Acordes del destino

El costurero de los rotos

El cielo del norte de Ardemia amanecía con tonos suaves, como si alguien lo hubiera bordado con hilos de lavanda y durazno. Selene se despidió de San Nicolás con una mezcla de ternura y nostalgia. Camila la abrazó con fuerza, el joven inventor le colocó en el bolsillo una cáscara de nuez barnizada, como promesa de que los sueños pequeños aún podían flotar. Ella no miró al puerto, donde el general alguna vez se había desvanecido sin despedirse.

Mireya apareció antes de que Selene partiera sola.
—Voy con vos —dijo, con una sonrisa decidida—. Elián está en Alboréa, y hace tiempo que no lo veo.

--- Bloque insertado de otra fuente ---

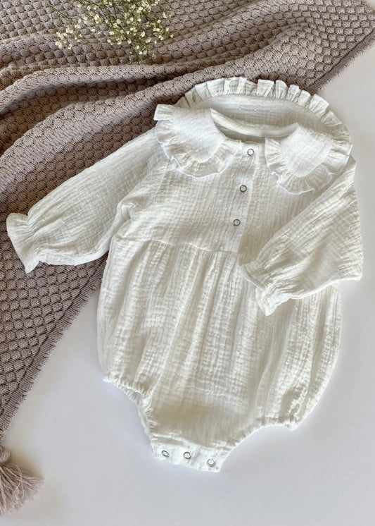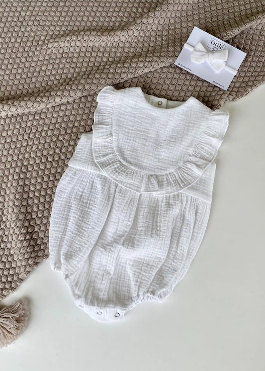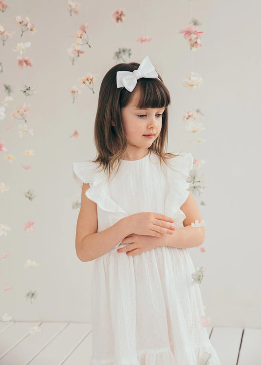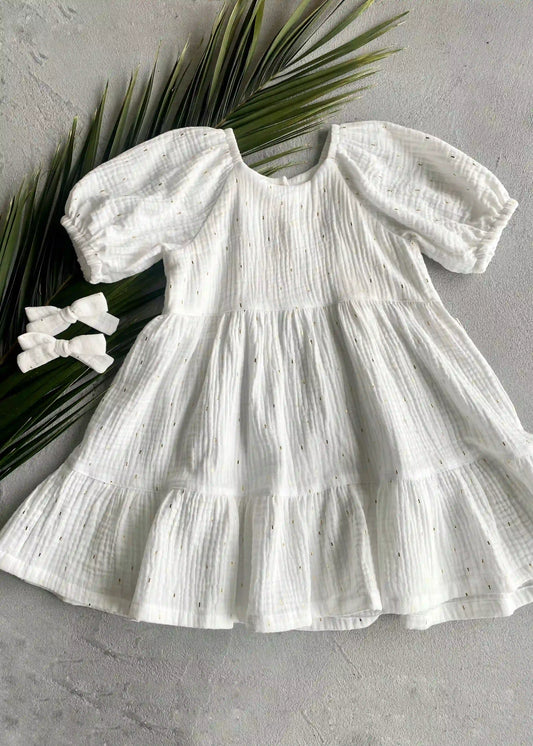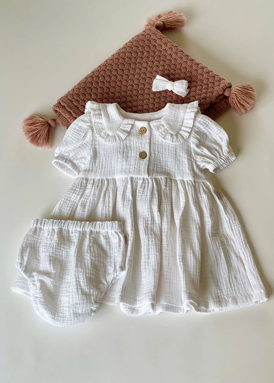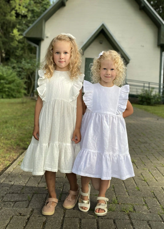 Muslino suknelė su sparneliais SOFIA - balta plumetis

Viajaron juntas por caminos tranquilos. El trayecto entre los pueblos estaba bordeado de álamos que crujían suavemente, como si cuchichearan entre sí. Selene escuchaba el murmullo de la tierra, y algo en ella sentía que este nuevo destino no sería como los anteriores. Había una herida distinta que aguardaba ser tocada.

Alboréa era un pueblo entre colinas, donde los oficios antiguos aún tenían el alma viva. Las casas estaban cubiertas de enredaderas y banderines desteñidos por el sol. Había olor a cera, a madera lijada, a tela vieja guardada con lavanda. Todo parecía hecho a mano, como si cada rincón hubiese sido remendado con esmero.

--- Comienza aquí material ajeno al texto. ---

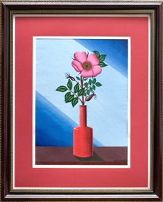 Цветок шиповника в красной вазе

Al llegar, buscaron a Elián con la familia que lo cuidaba, pero no estaba allí.
—Desde hace semanas pasa casi todo el día con la Remendadora —les dijo una vecina—. Nadie la molesta. Vive en el extremo del pueblo, junto al taller que heredó de su madre.

Ese nombre, la Remendadora, flotaba con respeto y un toque de miedo. Decían que reparaba juguetes antiguos, pero también corazones rotos. Que su taller no tenía reloj, porque el tiempo allí se medía por los hilos que cruzaban las costuras.

Cuando llegaron, encontraron una casa de madera oscura con ventanas llenas de cortinas de encajes. Afuera colgaban muñecos de trapo, títeres desmembrados, osos con un solo botón por ojo. El portón chirrió al abrirse. Selene y Mireya intercambiaron una mirada, y entraron.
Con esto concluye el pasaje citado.